The term "Kuiper Belt" was new to me, but astronomer Gerard Kuiper for whom it is named was a colleague of my father's at the University of Chicago's Yerkes Observatory. Kuiper's best known student was Carl Sagan, an astronomer who later did much to popularize science through his Cosmos television series and many books. From my recent correspondence with one of Sagan's friends and fellow student, Peter Pesch, it looks like Sagan was pursuing an unusual route in astronomy even back then: "Kuiper was exclusively interested in the solar system, which few of us were, except, of course, Carl Sagan."
In the photo, my father Al Hiltner and Gerard Kuiper are 2nd and 4th from the left, respectively, with Nobel prize winner Chandra first on the left.
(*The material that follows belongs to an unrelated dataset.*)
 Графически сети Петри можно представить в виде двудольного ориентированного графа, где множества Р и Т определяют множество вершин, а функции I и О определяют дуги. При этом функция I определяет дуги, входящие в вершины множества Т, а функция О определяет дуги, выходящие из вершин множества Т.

Kuiper's name also popped up in a much more obscure location when I was researching the life of the Whiton-Stuarts, first owners of what became known as the Veblen House. The wife, Mary (Marshall Ogden) Whiton-Stuart, spent her last years in Tucson, AZ. Kuiper moved there in 1960 to found the Lunar and Planetary Laboratory. Here's a snippet from a previous post on this website:
Astronomy and the Whiton-Stuarts came together in the Nov. 16, 1964 issue of the Tucson Daily Citizen, which included Mary's obituary and, elsewhere on the same page, an announcement:
"To Speak At Dinner--Meet Dr. Gerard Kuiper, director of the Lunar and Planetary Laboratory at the University of Arizona, will speak Sunday at the annual Compact Day dinner meeting of the Society of Mayflower Descendants in the State of Arizona."Mary was an eighth generation descendant not of Mayflower pilgrims, but of a pilgrim who settled in what would become New Jersey, John Ogden.
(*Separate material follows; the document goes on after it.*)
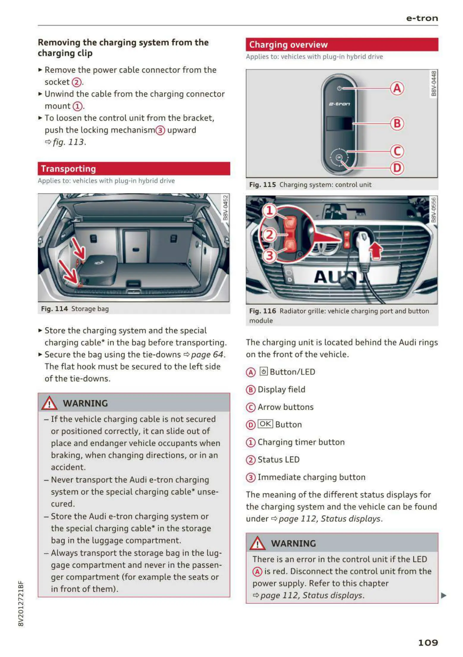 Fig. 116 Radiator grille: veh icle charg ing port an d butto n

Update: In another unexpected link between Yerkes Observatory and Veblen House, I recently contacted a U. of Chicago alum who had written a strongly worded letter to the alumni magazine lamenting the university's having moved out of the observatory. The author, Daniel Campion, happens to live in Iowa City, where Oswald Veblen grew up. Daniel took a break from his writing to research Veblen's childhood home, which will be the subject of another post. He also sent me a "squib" he had published--a short poem about Ultima Thule called "Marriage Made in Heaven."